Себе торжественный венец
И впредь у нас не разрывайте
Ни мадригалов, ни сердец…
А ночью, когда он оставался в тиши своего старого дома один, ему мнились иногда те, погибшие и погибающие, и он не находил себе места от ярости, стыда и тоски. И раз, в задумчивости, он нарисовал на рукописи пять виселиц с повешенными и подписал: «и я мог бы также…» И тяжело вздохнул…
Так проходило это страшное лето. Осень была уже совсем близко, и Пушкин с удовольствием предвкушал уже ее непогоды и свое бурное осеннее творчество… Стояло нарядное бабье лето, и, пользуясь последними солнечными днями, молодежь в Тригорском особенно веселилась. Часто, чтобы продлить радость быть вместе, девушки ночью провожали поэта до его уединенного домика, а потом, не в силах расстаться с ними, он опять провожал их в Тригорское – как полагается…

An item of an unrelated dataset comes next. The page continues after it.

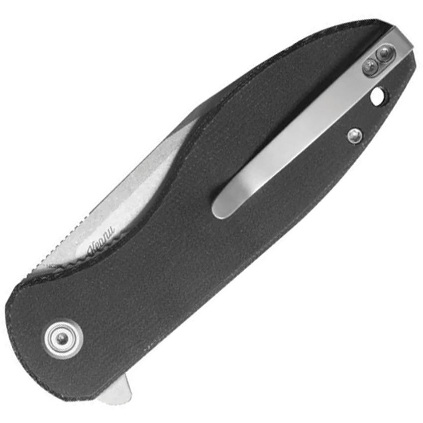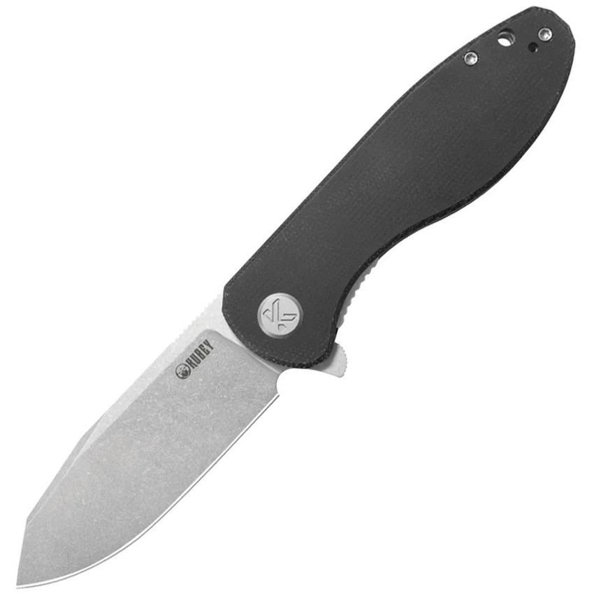 Model/Item/Part Number - KUB358K. Kubey Master Chief Linerlock Knife Mic. 4.63" (11.76cm) closed. 3.63" (9.22cm) stonewash finish 14C28N Sandvik stainless reverse tanto blade. Black micarta handle. Extended tang. Lanyard hole. Pocket clip. Boxed. Made in China.

И вот, когда он раз вернулся так ночью домой, на столе своем он с удивлением увидал чье-то письмо без марки. На маленьком, изящном конверте женской рукой – знакомой – было написано: «Александру Сергеевичу Пушкину – в собственные руки». Он вскрыл и, подсев ближе к лампе, начал читать:
«Я больше не могу. Я должна сказать Вам все. И то, что я хочу сказать Вам, я не могу лучше выразить, как целиком переписав письмо Вашей Татьяны к ее ужасному Онегину. Когда я перечитываю его, мне делается страшно: как могли Вы угадать так хорошо то, что происходит в моей душе? Я ни слова не могу убавить из того, что сказала она тому ужасному человеку, и не хочу ни слова прибавить: там, в ее письме, все… И зачем, зачем пишу я Вам эти бессмысленные строки? Ведь я же знаю, что и Вы мне ответите так же, как ответил он ей в четвертой главе… Другого вы ничего сказать не можете… Как и он. Вы не добры: ведь я знаю о бедной Дуне все!.. У Вас сердце не то что пустое, а на корню иссохшее… Бога в нем нет и нет ничего святого… И вот тем не менее пишу, потому что то, что я ношу в сердце моем, убивает меня и мне кажется, что, если я выскажу все это, мне будет легче… И помню Аню Керн, и эти Ваши глаза, которыми Вы всегда на нее смотрите… Ужас, ужас!.. Я хотела молить Вас: уезжайте отсюда совсем и навсегда, но я знаю, что, во-первых, Вам нельзя уехать, а во-вторых, и главное, что у меня нет никакого права обращаться к Вам с такою просьбой… Что мне делать, что делать, что делать?.. Помогите мне… Пожалейте меня!.. А.».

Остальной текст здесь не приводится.